Pelos critérios de representação agora estabelecidos impõe-se às legendas 2% dos votos válidos distribuídos em pelo menos um terço dos estados, com o mínimo de 1% em cada. Ou 11 deputados eleitos em nove unidades federativas. Tais cláusulas impulsionam a quase obrigatoriedade da configuração de federações no espectro político. “Partidos como Rede, PV, Patriota, Cidadania, PCdoB, Avante, Novo, PSOL e PROS deverão fazer federações, uma vez que se permanecerem isolados, correm risco de não terem acesso ao fundo partidário”, projeta Romão. “Como se dará a convivência entre o PT e os partidos da nossa federação é tarefa a ser construída com rapidez e imaginação política”, arremata. Se as federações conferem a bem-vinda racionalidade à sopa política de letrinhas, a irmandade e a camaradagem conferem a aura socialista. Então mãos à obra.

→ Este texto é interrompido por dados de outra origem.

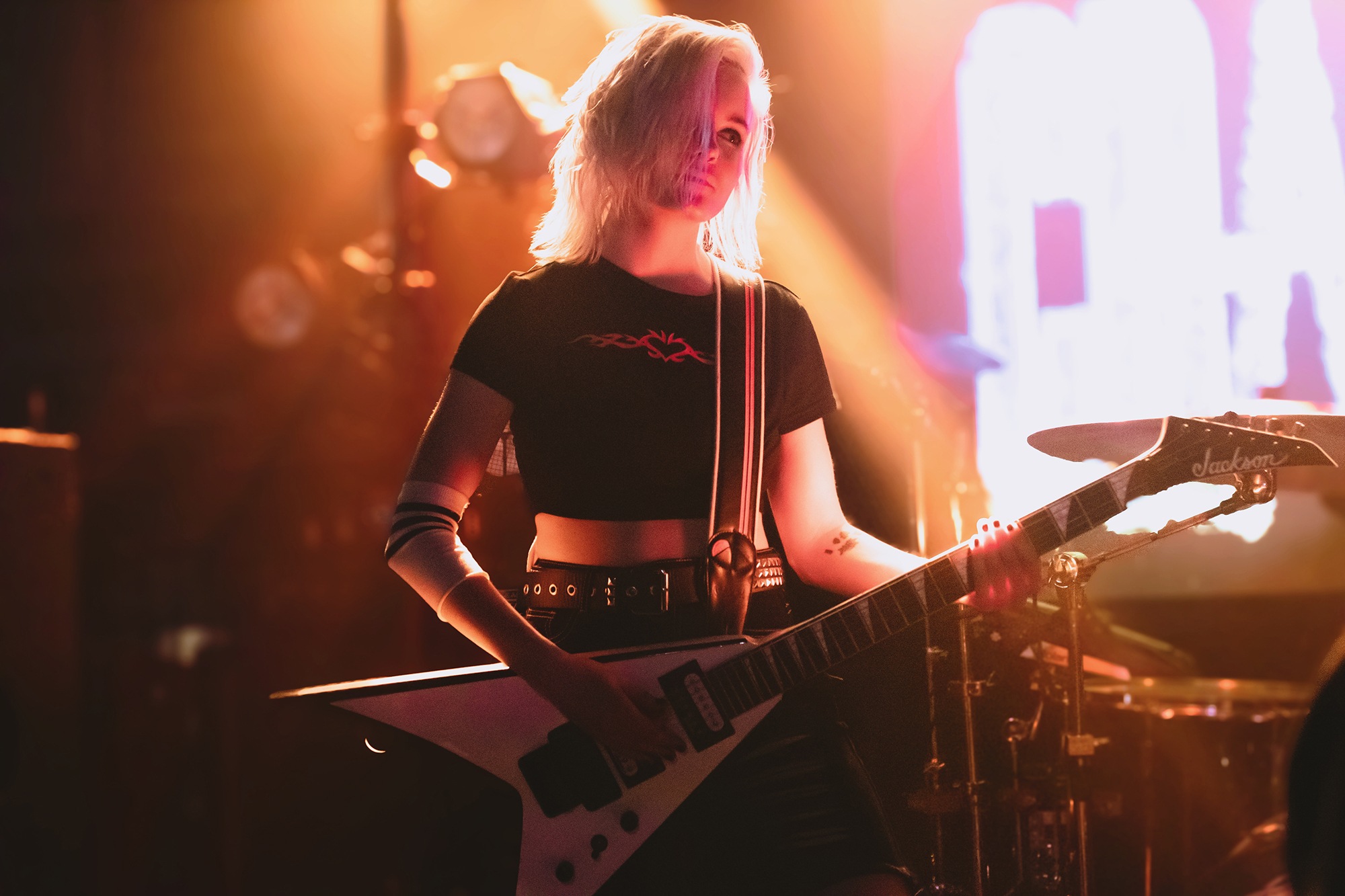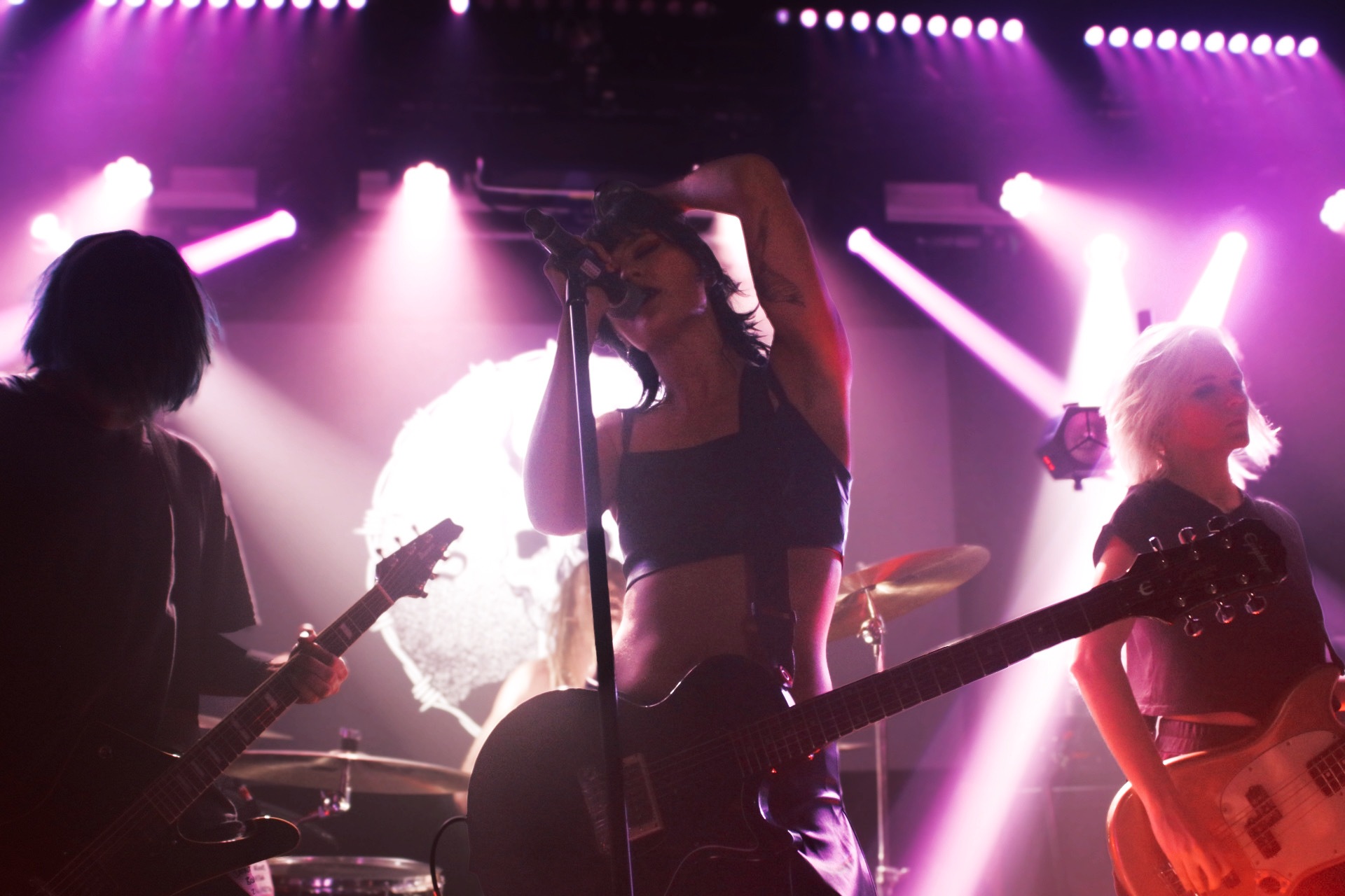 SAINT AGNES have certainly been taking notes from the bands they have opened for over the last couple of years – their intro tape is the perfect length, building anticipation for their show and yet kicking into the title track from Bloodsuckers just when you feel that it might have been going on bit too long. There’s plenty of energy to see from the band and, full credit to Kitty A. Austen here, she’s confident enough to ask for a wall of death in a sizeable, but not sold out room and gets one too. When everything is going to according to plan, SAINT AGNES are a poison-tipped dart, striking a chord with everyone in the room and bringing them over to the dark side, whether it’s through the vampiric vibes in Daughter Of Lucifer or the umpteen pairs of hands flipping the bird during Middle Finger. Most potent is This Is Not The End, a song penned by Kitty about her mother’s passing and is both a sombre and celebratory moment, as she steps from the stage to sing it among the punters.

A atividade política de superação do status quo vai além das individualidades, requer uma coordenação coletiva e uma sociabilidade permeável à interconexão entre compagni, comrades, compañeros. Enfim, entre os “construtores de sonhos”, na bela metáfora usada por Lula da Silva no Sindicato dos Metalúrgicos, de São Bernardo, pouco antes de ser preso injustamente. O alpinismo do abominável despresidente fascista, na escalada para o Palácio do Planalto, foi resultado do estratagema elitista – “com tudo”. Assim, se fraudou a frágil soberania popular lá atrás. Que, em 2022, as e os militantes de esquerda e centro-esquerda não apenas se sintam, mas também ajam como irmãs / irmãos / camaradas na federação pela emancipação. Chegou o ano da colheita. Fora Bolsonaro.

P.S.: Uns acusarão o texto de idealista. A realpolitk, no pêndulo cultural que vai do oportunismo rasteiro ao individualismo pequeno-burguês obedeceria a uma lógica mesquinha de curto prazo. Outros irão dizer que as linhas de conduta apontadas, no máximo, alcançariam o discurso de correntes mais à esquerda, e não necessariamente a prática. Ambas as considerações estão corretas. Mas o que a reflexão acima quis não foi repisar o realismo maquiaveliano. Foi desdobrar os sonhos de uma vida melhor na política, com “o espírito da utopia” de Ernst Bloch. Não é régua, é guia.

*Luiz Marques é professor de ciência política na UFRGS. Foi secretário estadual de cultura do Rio Grande do Sul no governo Olívio Dutra.